The whole thing then had to be prepared for the SDI-12 protocol, so that the data could flow into the metrilog / MeteoGroup system.

Gerhard Kast, Managing Director of UP Umweltanalytische Produkte GmbH, reports on the hardware and software implementation:

“Indeed, the requirement to accumulate the sunshine duration as well as to record the temperature with the appropriate time resolution and to integrate it into the system via SDI12 signal was a greater challenge than initially thought. FabLab Cottbus e.V. supported me in developing a solution. Here I met Mr. Scholz, who found interest in the task and carried out the essential preparations. Dr. Thomas von Oepen accompanied the development steps and examined the results.

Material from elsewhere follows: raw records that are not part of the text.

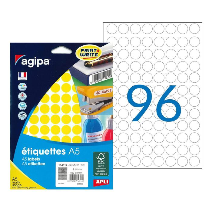 Etikety kruhové 15mm Agipa A5 žlté
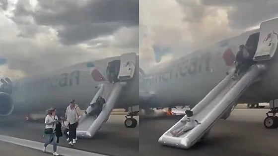 இது குறித்து வெளியான விடியோவில், புகை சூழ்ந்த விமானத்தில் இருந்து பயணிகள் ஒவ்வொருவராக அவசர வெளியேற்றம் வழியாக பத்திரமாக அனுப்பிவைக்கப்படுகின்றனர்.
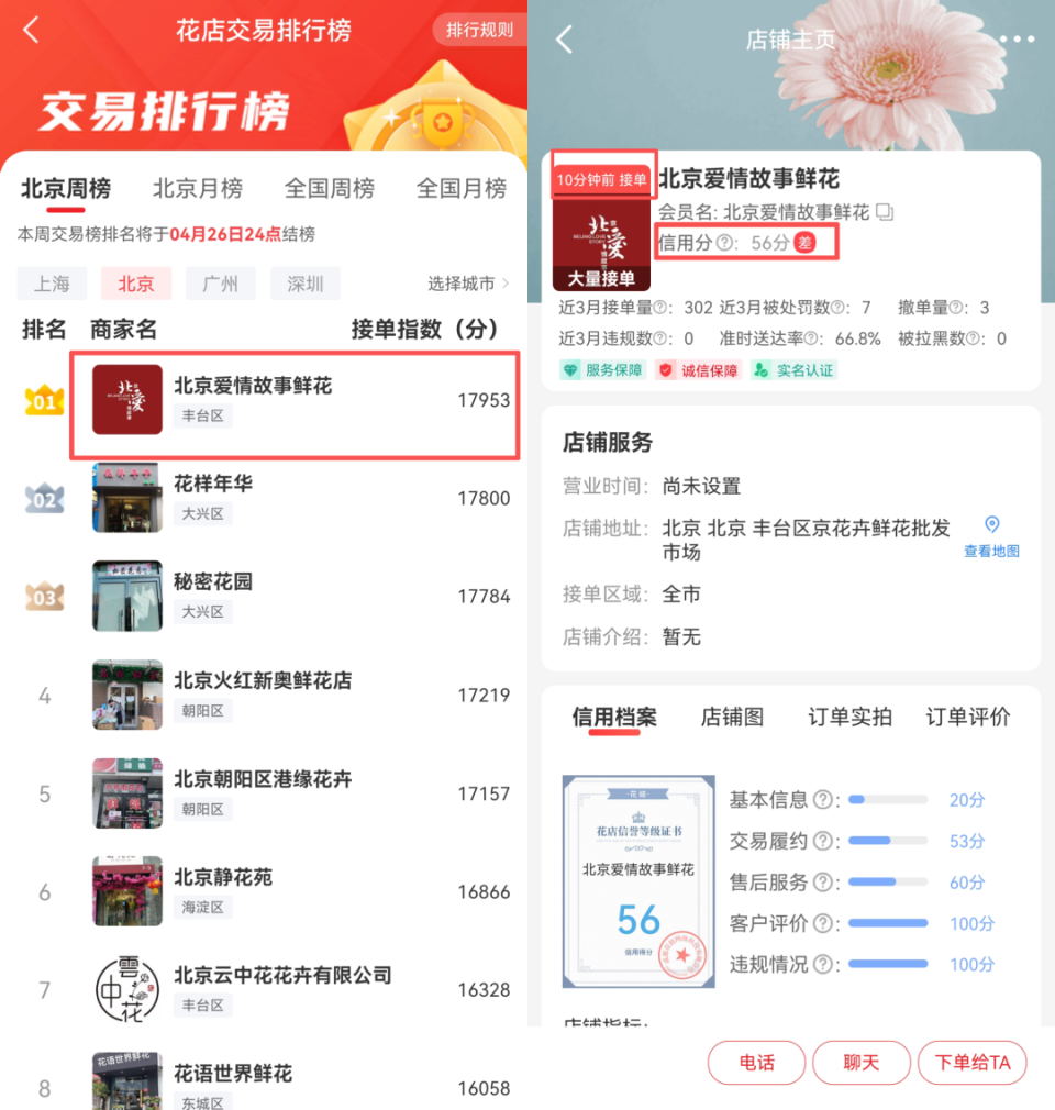劣币驱逐良币的机制由此完成了闭环:线上幽灵花店轻松坐收差价,一旦被投诉,关店换马甲重新上线;线下实体花店为了抢单,不得不陷入“低价内卷”,还可能像“布查德”那样,被人盗用工商信息,替对方背负所有投诉和差评。

The result is the “Sdurino” box in which the signals from the sunshine duration sensor, global radiation sensor and ground temperature sensor based on an Arduino microcontroller are converted into an SDI12 signal”.

This development took some months because the devil was in many details. On May 17, 2018 it should become serious: Since the remote commissioning did not work as desired, the developer of the so-called “Sdurino” box, Sebastian Scholz, travelled to Friedrichweiler to integrate the CSD3 and the ground frost sensor finally into my weather station system. For this, a few new solder connections, cabling as well as a modified software had to be installed.

This new possibility is a world exclusive development to integrate the sunshine duration sensor CSD3 from Kipp&Zonen into a technical environment in which the SDI-12 protocol is required.

This demonstrates the professional competence of my partner UP – Umweltanalytische Produkte GmbH from Cottbus in mastering such exclusive challenges. A big thank you for that! Following this development, Mr. Scholz also started his Bachelor thesis at UP Umweltanalytische Produkte GmbH.

I’m proud that the prototype is being used as a world premiere at the Friedrichweiler weather station!

Many thanks also to GemeindeStrom Wadgassen GmbH, the village community of Friedrichweiler, Theodor Friedrichs & Co., Lufft, Kipp&Zonen, MeteoGroup & metrilog.